## What the exercise asks
A partial copy is required: transcribe exactly the lines from the one containing "輕薄柔軟的丹寧布,版型寬鬆、衣長覆蓋臀部,穿起來率性又安心。" through the last line below, without any pictures.
(Stored data begins)
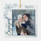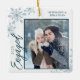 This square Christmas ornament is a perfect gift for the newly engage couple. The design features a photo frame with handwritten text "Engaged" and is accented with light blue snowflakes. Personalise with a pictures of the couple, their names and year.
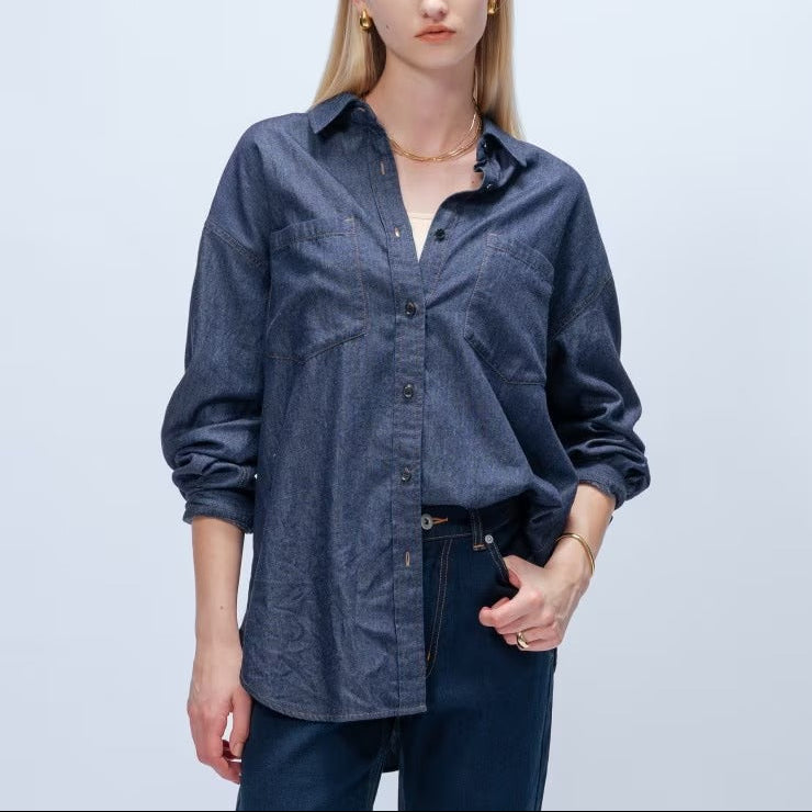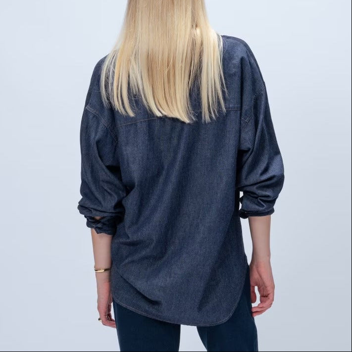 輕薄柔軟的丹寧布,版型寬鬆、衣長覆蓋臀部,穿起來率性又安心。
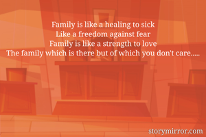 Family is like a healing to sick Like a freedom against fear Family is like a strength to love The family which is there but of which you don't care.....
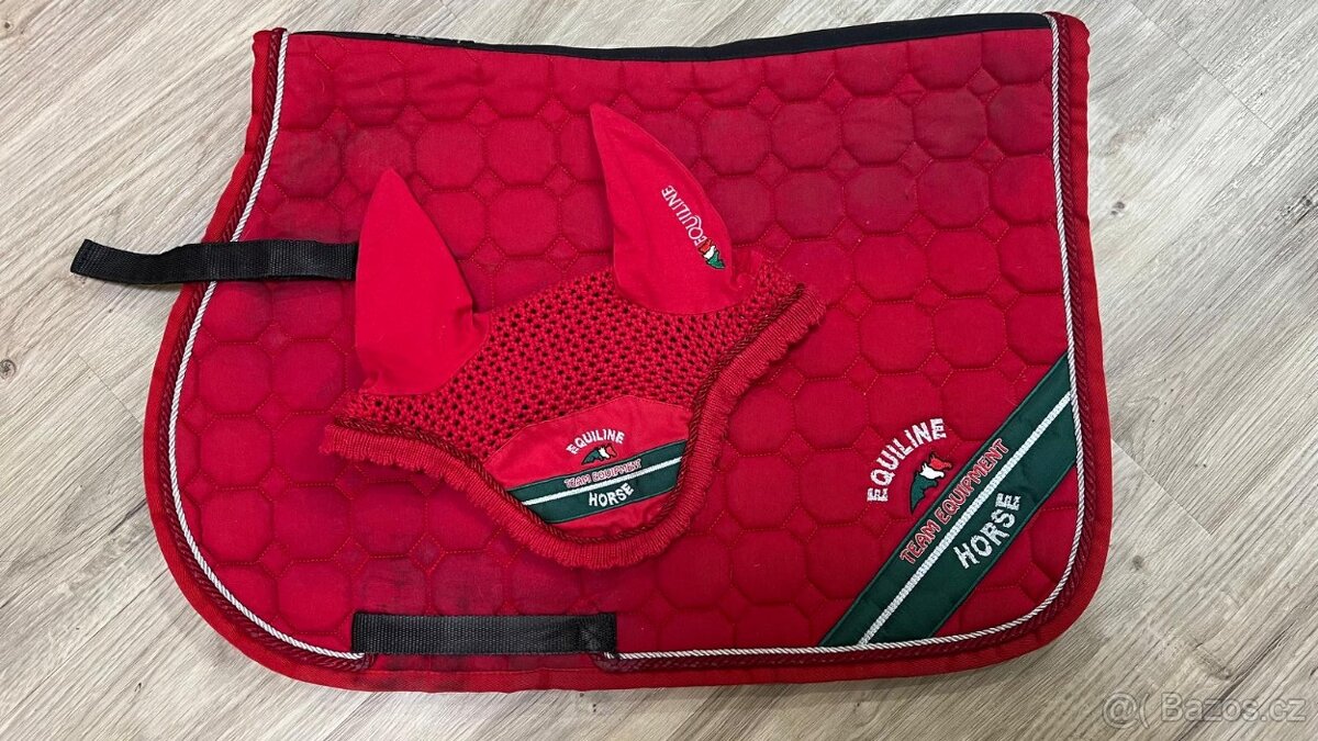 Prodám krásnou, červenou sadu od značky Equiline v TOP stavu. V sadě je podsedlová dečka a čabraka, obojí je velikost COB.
(Stored data ends)
## Response to the task
 輕薄柔軟的丹寧布,版型寬鬆、衣長覆蓋臀部,穿起來率性又安心。
 Family is like a healing to sick Like a freedom against fear Family is like a strength to love The family which is there but of which you don't care.....
 Prodám krásnou, červenou sadu od značky Equiline v TOP stavu. V sadě je podsedlová dečka a čabraka, obojí je velikost COB.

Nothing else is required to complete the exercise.